The well-documented Camarda case concerns a suit filed against the CFP Board by Jeff and Kim Camarda over Board sanctions against their use of “fee only” to describe their Florida planning firm. 

But Drummond wrote that “there is nothing more to Mr. Votatva’s resignation. Mr. Votava resigned to dedicate more time to his growing business and expanding family.”

When his election as chairman was announced last August, then-Chairman Ray Ferrara said he expected Votava, 61, to “harness his extensive leadership experience to sustain CFP Board’s mission of benefiting the public by upholding the CFP certification as the recognized standard of excellence in personal financial planning.”

An attorney as well as a CFP and a CPA, Votava is partner/CEO of Seneca Financial Advisors LLC, an RIA firm based in Rochester, New York, and Washington, D.C., with $213 million in regulatory assets under management.

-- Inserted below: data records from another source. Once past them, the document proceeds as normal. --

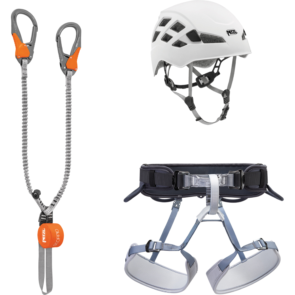 Klettersteig-Komplettset bestehend aus einem SCORPIO EASHOOK-Verbindungsmittel, einem CORAX-Klettergurt und einem BOREO-Helm Ein komfortables Komplettset zum Klettersteiggehen! Das KIT VIA FERRATA EASHOOK
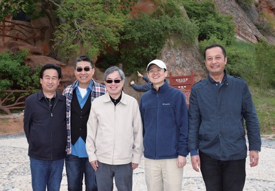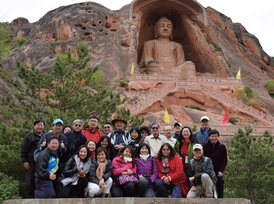 ▲台灣高校教師寧夏絲綢之路參訪團於須彌山石窟景區內大佛前合影。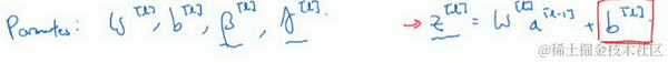 现在,我想澄清此参数的一个细节。先前我说过每层的参数是 和 ,还有 和 ,请注意计算 的方式如下, ,但Batch归一化做的是,它要看这个mini-batch,先将 归一化,结果为均值0和标准方差,再由 和 重新缩放,但这意味着,无论 的值是多少,都是要被减去的,因为在Batch归一化的过程中,你要计算 的均值,再减去平均值,在此例中的mini-batch中增加任何常数,数值都不会改变,因为加上的任何常数都将会被均值减去所抵消。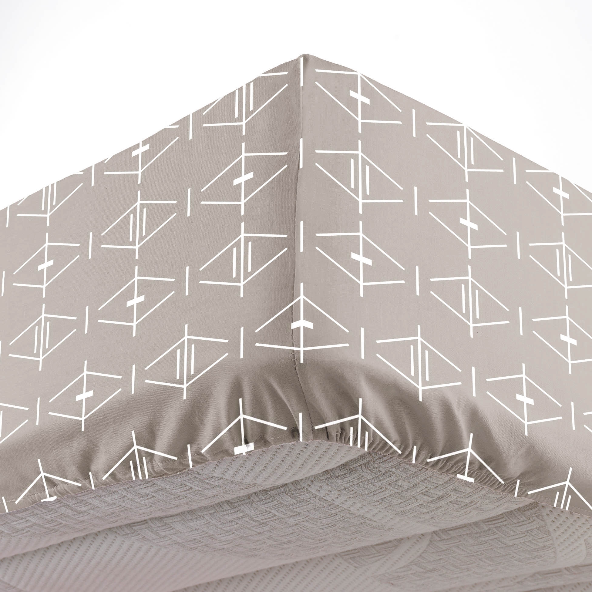 Drap-Housse 90 x 190 cm – Coton 57 Fils – Bonnet 30 cm – Naturel Motif Géométrique
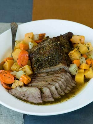 Remove brisket to a cutting board and let it rest for 15 minutes. Scoop vegetables out of the roasting pan and onto a platter, cover to keep warm. If there is a lot of fat in pan juices, skim it off. Slice brisket across grain (muscle lines) at a slight diagonal. Serve with vegetables and pan juices poured over sliced meat.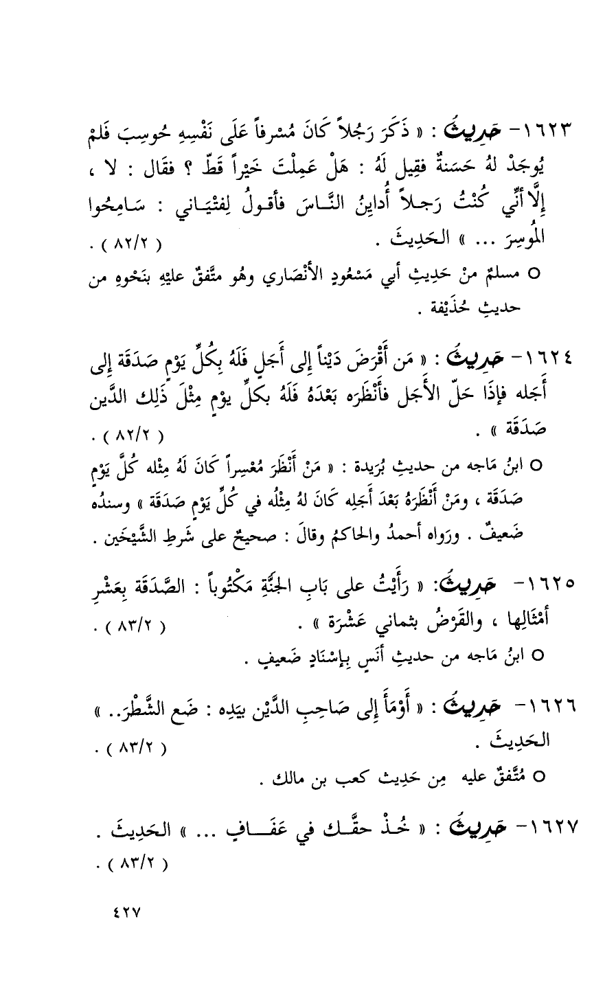 1624 حديث ( من أقرض ديناً إلى أجل فله بكل يوم صدقة إلى أجله فإذا حل الأجل فأنظره بعده فله بكل يوم مثل ذلك الدين صدقة ) ( 2 / 82 ) + ابن ماجه من حديث بريدة ( من أنظر معسراً كان له مثله كل يوم صدقة ومن أنظره بعد أجله كان له مثله في كل يوم صدقة ) وسنده ضعيف ورواه أحمد والحاكم وقال صحيح على شرط الشيخين +

In an Investment Advisor cover story profile in July 2004, it’s clear that Votava was a pioneer in not only providing true comprehensive wealth management to clients (since the 1980s in fact, at the financial planning arm of big law firm Nixon Peabody), but also in using technology to become more efficient, in directing clients’ philanthropic efforts and in charging clients by annual retainer or an AUM or hourly fee.